##### GIVEN DATA #####

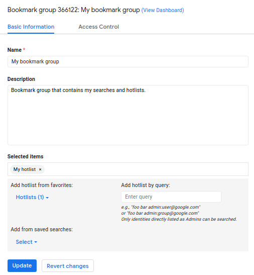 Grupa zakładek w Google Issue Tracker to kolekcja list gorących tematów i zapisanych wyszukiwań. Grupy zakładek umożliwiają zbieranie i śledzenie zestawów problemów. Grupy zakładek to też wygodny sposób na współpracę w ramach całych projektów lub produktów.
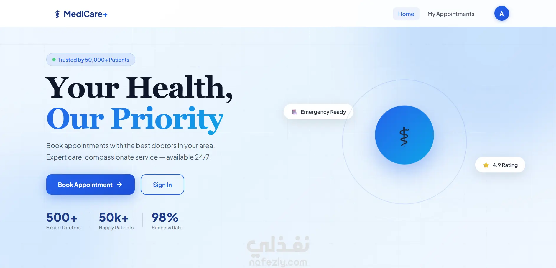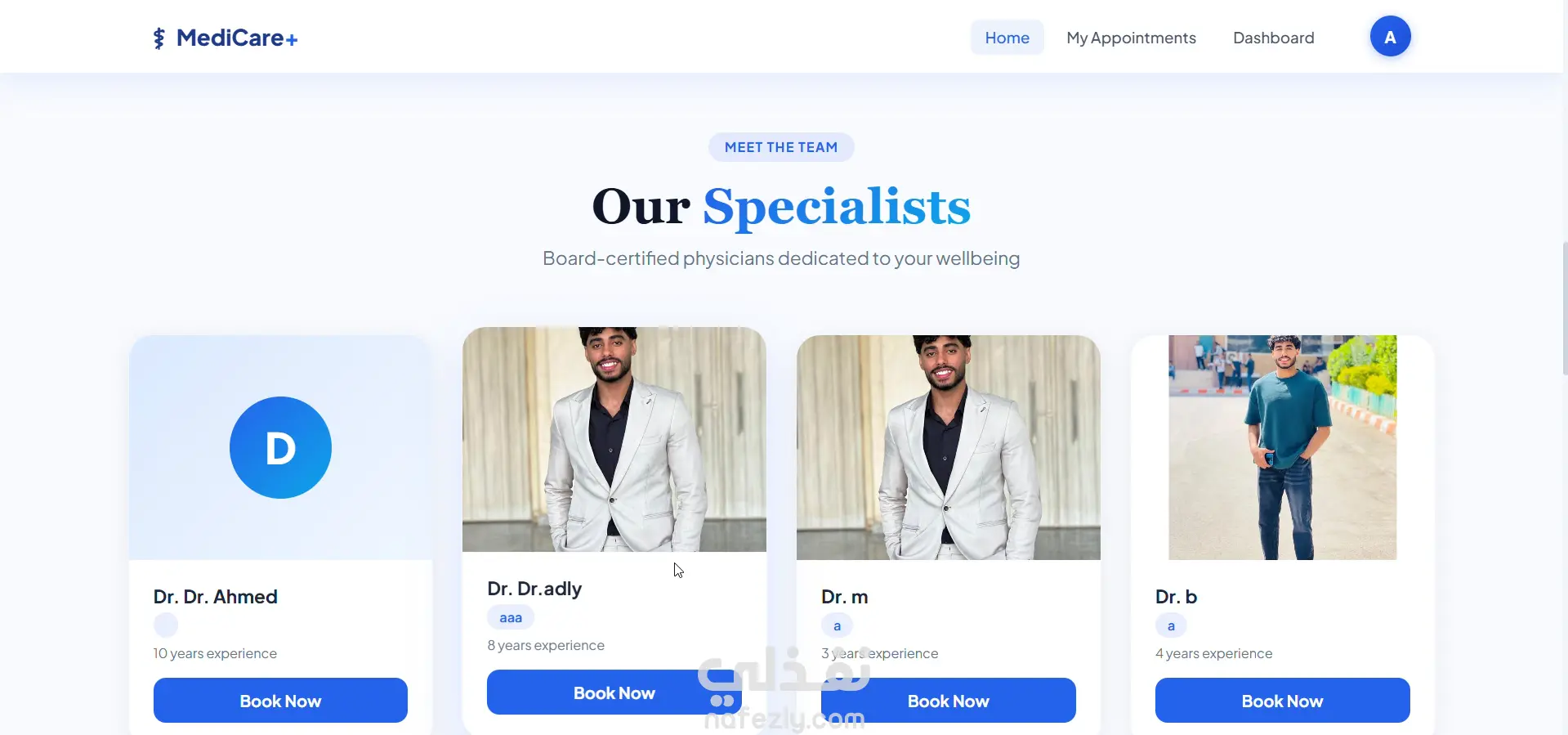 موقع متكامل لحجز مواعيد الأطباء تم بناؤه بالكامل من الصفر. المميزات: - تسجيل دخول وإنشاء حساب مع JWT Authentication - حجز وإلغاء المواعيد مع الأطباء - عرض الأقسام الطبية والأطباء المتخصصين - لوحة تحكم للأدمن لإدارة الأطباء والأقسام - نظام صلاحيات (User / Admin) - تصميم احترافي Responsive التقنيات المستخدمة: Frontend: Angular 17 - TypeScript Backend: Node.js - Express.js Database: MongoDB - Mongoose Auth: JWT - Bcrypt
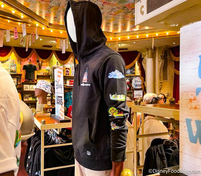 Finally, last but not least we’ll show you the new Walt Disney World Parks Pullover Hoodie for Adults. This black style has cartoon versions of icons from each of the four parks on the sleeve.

#####

Pictures stay out of the answer; the rest of the listing above is returned exactly.

• [SOLUTION FOR THIS PROBLEM]
 Grupa zakładek w Google Issue Tracker to kolekcja list gorących tematów i zapisanych wyszukiwań. Grupy zakładek umożliwiają zbieranie i śledzenie zestawów problemów. Grupy zakładek to też wygodny sposób na współpracę w ramach całych projektów lub produktów.
 موقع متكامل لحجز مواعيد الأطباء تم بناؤه بالكامل من الصفر. المميزات: - تسجيل دخول وإنشاء حساب مع JWT Authentication - حجز وإلغاء المواعيد مع الأطباء - عرض الأقسام الطبية والأطباء المتخصصين - لوحة تحكم للأدمن لإدارة الأطباء والأقسام - نظام صلاحيات (User / Admin) - تصميم احترافي Responsive التقنيات المستخدمة: Frontend: Angular 17 - TypeScript Backend: Node.js - Express.js Database: MongoDB - Mongoose Auth: JWT - Bcrypt
 Finally, last but not least we’ll show you the new Walt Disney World Parks Pullover Hoodie for Adults. This black style has cartoon versions of icons from each of the four parks on the sleeve.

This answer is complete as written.